● **TASK TO CARRY OUT**: Give back exactly the lines starting at the one with "IDP-PGFE: An Interpretable" and ending at the last line of the data below. Pictures are not part of the copy.

● **GIVEN DATA**:
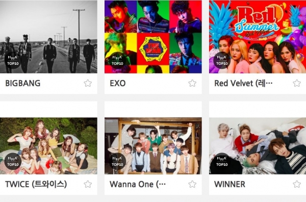 Trong đó bao gồm nhiều cái tên nổi tiếng và quen thuộc như BigBang, EXO, BTS, IU,…
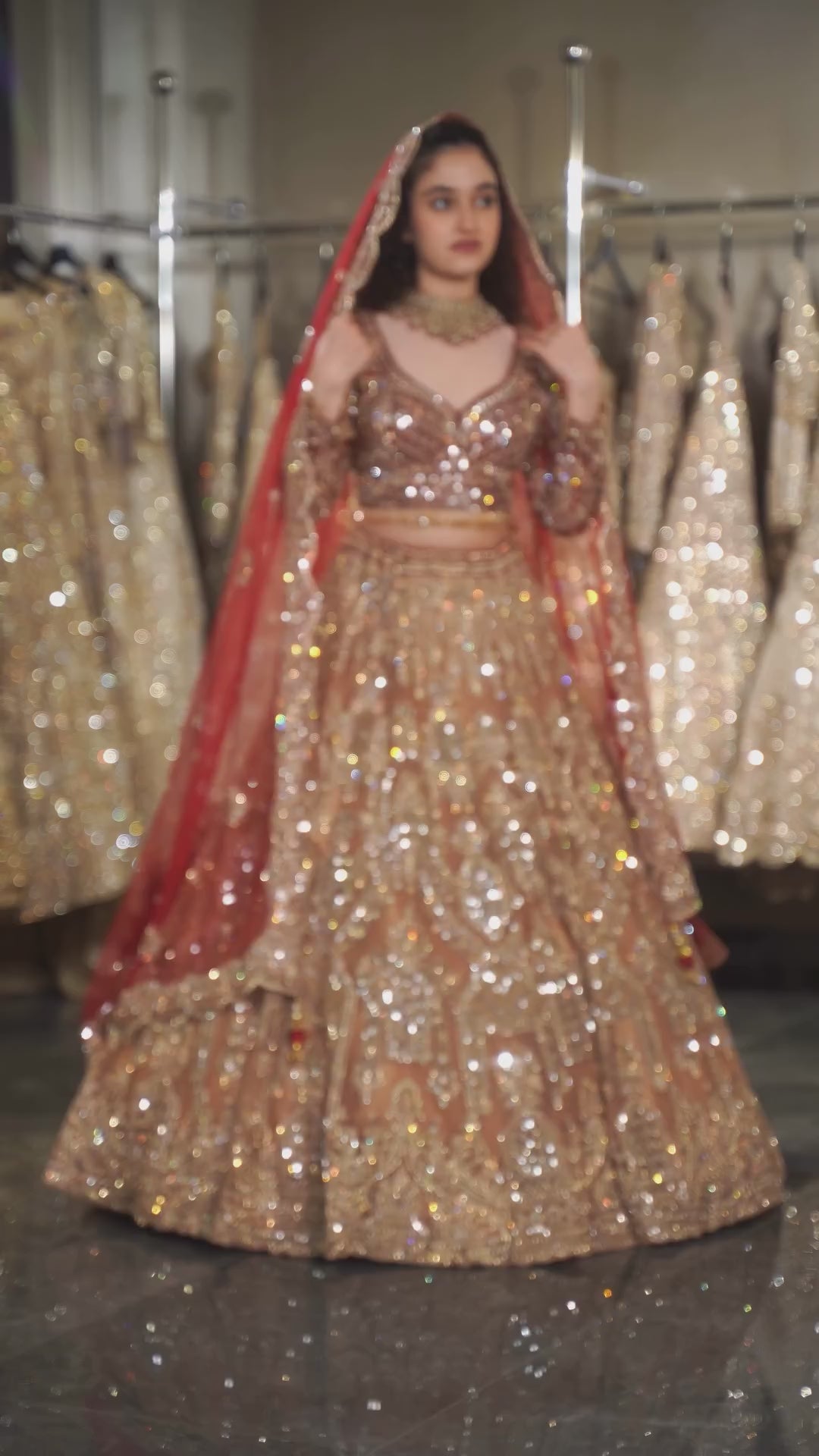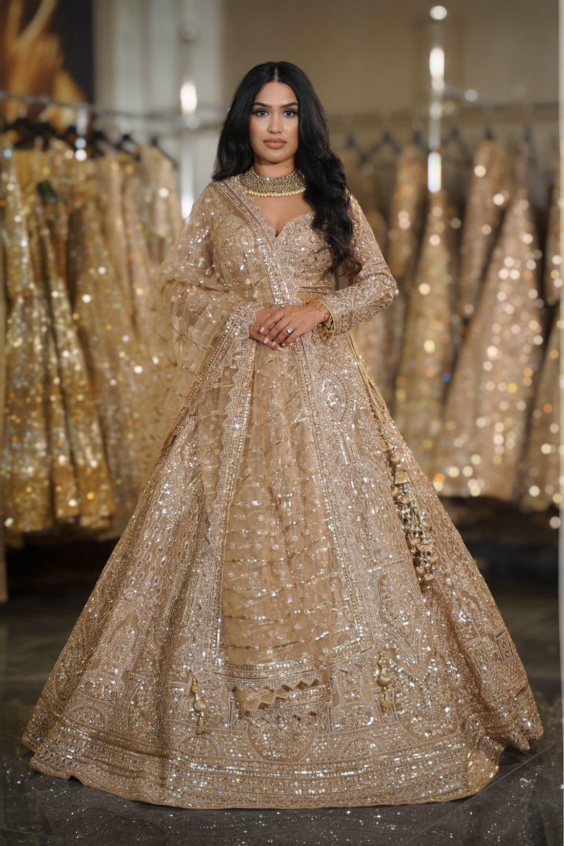 Champagne Gold Heavy Sequin & Crystal Embroidered Lehenga Set
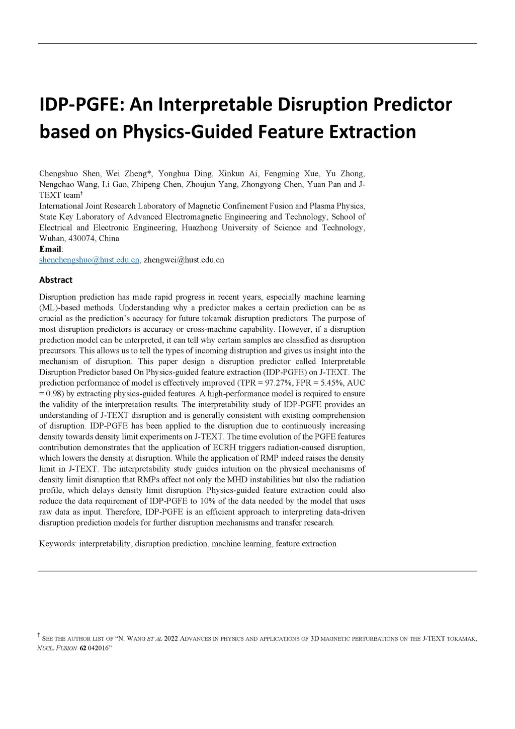 IDP-PGFE: An Interpretable Disruption Predictor based on Physics-Guided
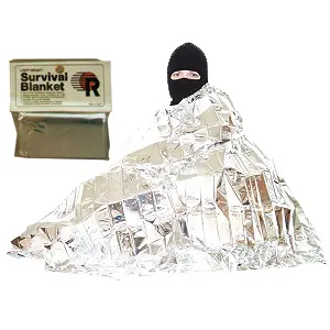 Se trata de una lámina de aluminio muy ligera, para emergencias. El aluminio evita la pérdida de calor.
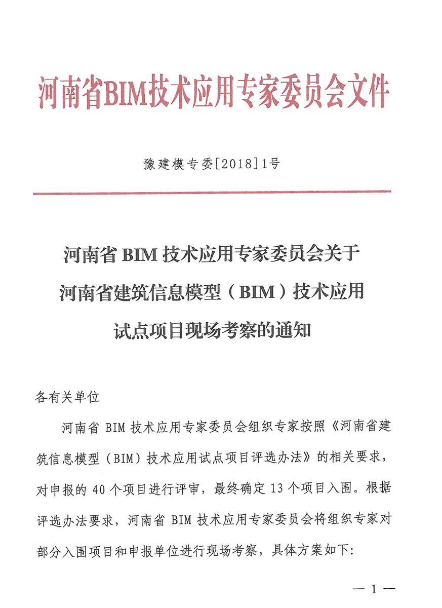 省BIM技術(shù)應(yīng)用專家委員會(huì)關(guān)于河南省建筑信息模型(BIM)技術(shù)應(yīng)用試點(diǎn)項(xiàng)目現(xiàn)場(chǎng)考察的通知
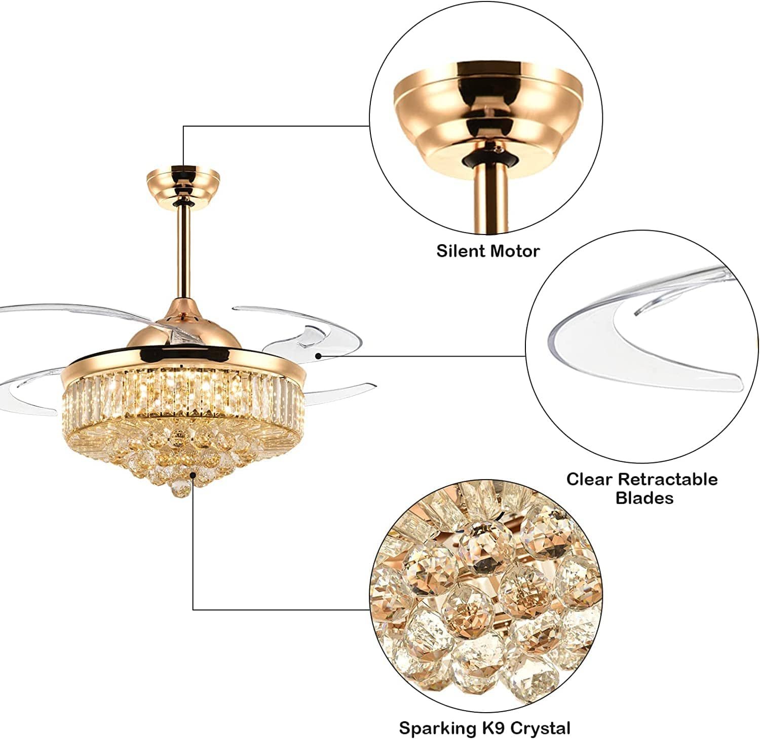 - 42 Inch Modern Crystal Ceiling Fan with Lights
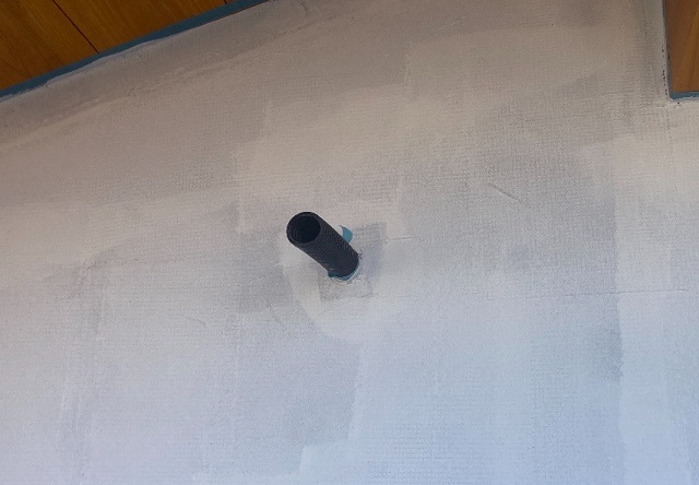そして今回見つかったその個所は2ヶ所あり、1ヶ所は玄関ドアの枠の下で、そこは最終的にはコンクリートを打ち込み塞ぐ場所なので、一時的にテープで塞ぐ処置をし、あとの1ヶ所は太陽光の配線スリーブで、そこも同じく太陽光を設置すれば隙間は塞がるところなので、一時的にテープを張り、次の計測に掛かりました。
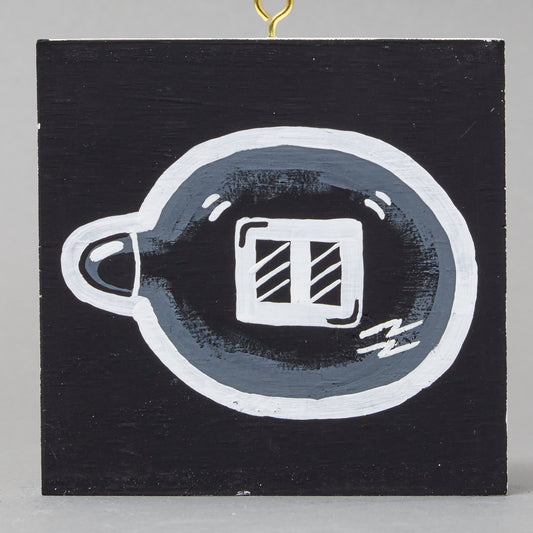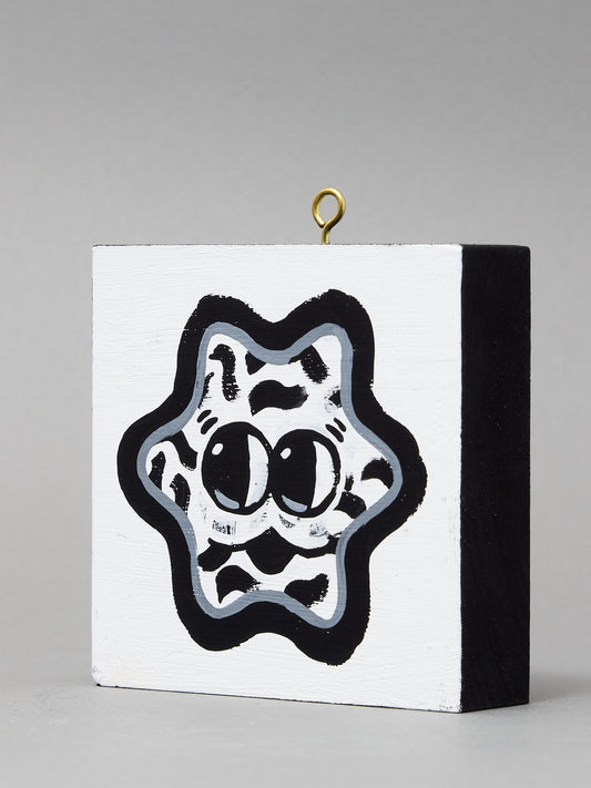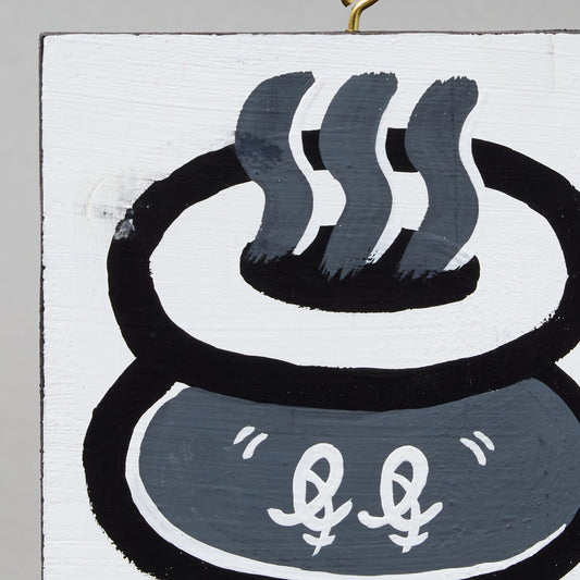 本作品にはフックが付いているほか厚みがあるため、吊したり置いたりと身近なインテリアとしてもお楽しみいただけます。

● **ANSWER TO THIS EXERCISE**:
 IDP-PGFE: An Interpretable Disruption Predictor based on Physics-Guided
 Se trata de una lámina de aluminio muy ligera, para emergencias. El aluminio evita la pérdida de calor.
 省BIM技術(shù)應(yīng)用專家委員會(huì)關(guān)于河南省建筑信息模型(BIM)技術(shù)應(yīng)用試點(diǎn)項(xiàng)目現(xiàn)場(chǎng)考察的通知
 - 42 Inch Modern Crystal Ceiling Fan with Lights
そして今回見つかったその個所は2ヶ所あり、1ヶ所は玄関ドアの枠の下で、そこは最終的にはコンクリートを打ち込み塞ぐ場所なので、一時的にテープで塞ぐ処置をし、あとの1ヶ所は太陽光の配線スリーブで、そこも同じく太陽光を設置すれば隙間は塞がるところなので、一時的にテープを張り、次の計測に掛かりました。
 本作品にはフックが付いているほか厚みがあるため、吊したり置いたりと身近なインテリアとしてもお楽しみいただけます。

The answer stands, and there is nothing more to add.